Dynamic checkpoints:

- Prefer deployment-defined allowlists. Requests pick a **key/label** from the payload
  (e.g. `payload.model_key`), and the worker resolves it via a deployment-provided mapping.
- Use `ModelRef(Src.PAYLOAD, "model_key")` for this pattern (the payload value is a key, not a raw HF id).

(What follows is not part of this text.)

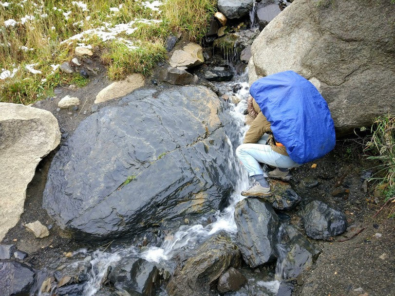 Так как до наступления темноты было ещё больше часа, а сидеть без дела не позволяла погода (мы поднялись довольно высоко и температура тут была ниже, чем в долине), то мы заняли себя прогулкой к ручью с питьевой водой. Вода в парке везде условно питьевая, так как течёт на прямую с ледников — мы пили сырую воду без последствий для организмов.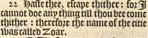 22 Haste thee, escape thither: for I cannot doe any thing till thou bee come thither: therefore the name of the citie was called Zoar.

Build contract (gen-builder):

- Tenant code + `pyproject.toml`/`uv.lock` are packaged together
- gen-builder layers tenant code + deps on top of a python-worker base image
- gen-orchestrator deploys the resulting worker image

---

## Manual builds (without gen-builder)

You can build worker images directly using Docker, without gen-builder.

### 1. Project structure

```
my-worker/
├── pyproject.toml      # dependencies + [tool.cozy] config
├── uv.lock             # lockfile (recommended)
└── src/
    └── my_module/
        └── __init__.py # contains @worker_function decorated functions
```

### 2. Copy the Dockerfile template

Copy `Dockerfile.template` from this repo to your project as `Dockerfile`:

```bash
cp /path/to/python-worker/Dockerfile.template ./Dockerfile
```

Or write your own:

```dockerfile
ARG BASE_IMAGE=cozycreator/python-worker:cuda12.8-torch2.9
FROM ${BASE_IMAGE}

WORKDIR /app
COPY . /app

RUN pip install --no-cache-dir uv
RUN if [ -f /app/uv.lock ]; then uv sync --frozen --no-dev; else uv sync --no-dev; fi

# Generate function manifest at build time
RUN mkdir -p /app/.cozy && python -m gen_worker.discover > /app/.cozy/manifest.json

ENTRYPOINT ["python", "-m", "gen_worker.entrypoint"]
```

### 3. Build

```bash
# CPU only
docker build -t my-worker --build-arg BASE_IMAGE=cozycreator/python-worker:cpu-torch2.9 .

# CUDA 12.8 (default)
docker build -t my-worker .

# CUDA 13.0
docker build -t my-worker --build-arg BASE_IMAGE=cozycreator/python-worker:cuda13-torch2.9 .
```

### 4. Run

```bash
docker run -e ORCHESTRATOR_URL=http://orchestrator:8080 my-worker
```

The worker will:
1. Read the manifest from `/app/.cozy/manifest.json`
2. Self-register with the orchestrator
3. Start listening for tasks

### Available base images

| Image | GPU | CUDA | PyTorch |
|-------|-----|------|---------|
| `cozycreator/python-worker:cpu-torch2.9` | No | - | 2.9.1 |
| `cozycreator/python-worker:cuda12.6-torch2.9` | Yes | 12.6 | 2.9.1 |
| `cozycreator/python-worker:cuda12.8-torch2.9` | Yes | 12.8 | 2.9.1 |
| `cozycreator/python-worker:cuda13-torch2.9` | Yes | 13.0 | 2.9.1 |

### What happens automatically

- **Function discovery**: `gen_worker.discover` scans for `@worker_function` decorators
- **Manifest generation**: Input/output schemas extracted from msgspec types
- **Self-registration**: Worker registers its functions with orchestrator on startup

No gen-builder required for local development or custom CI pipelines.

---

Env hints:

- `SCHEDULER_ADDR` sets the primary scheduler address.
- `SCHEDULER_ADDRS` (comma-separated) provides seed addresses for leader discovery.
- `WORKER_JWT` is accepted as the auth token if `AUTH_TOKEN` is not set.
- `SCHEDULER_JWKS_URL` enables verification of `WORKER_JWT` before connecting.
- JWT verification uses RSA and requires PyJWT crypto support (installed by default via `PyJWT[crypto]`).
- `WORKER_MAX_INPUT_BYTES`, `WORKER_MAX_OUTPUT_BYTES`, `WORKER_MAX_UPLOAD_BYTES` cap payload sizes.
- `WORKER_MAX_CONCURRENCY` limits concurrent runs; `ResourceRequirements(max_concurrency=...)` limits per-function.
- `COZY_HUB_URL` base URL for Cozy hub downloads (used by core downloader).
- `COZY_HUB_TOKEN` optional bearer token for Cozy hub downloads.
- `MODEL_MANAGER_CLASS` optional ModelManager plugin (module:Class) loaded at startup.

Error hints:

- Use `gen_worker.errors.RetryableError` in worker functions to flag retryable failures.

API note:

- `output_format` is an orchestrator HTTP response preference (queue vs long-poll bytes/url) and does not change worker behavior; workers persist outputs as `Asset` refs via the Cozy hub file API.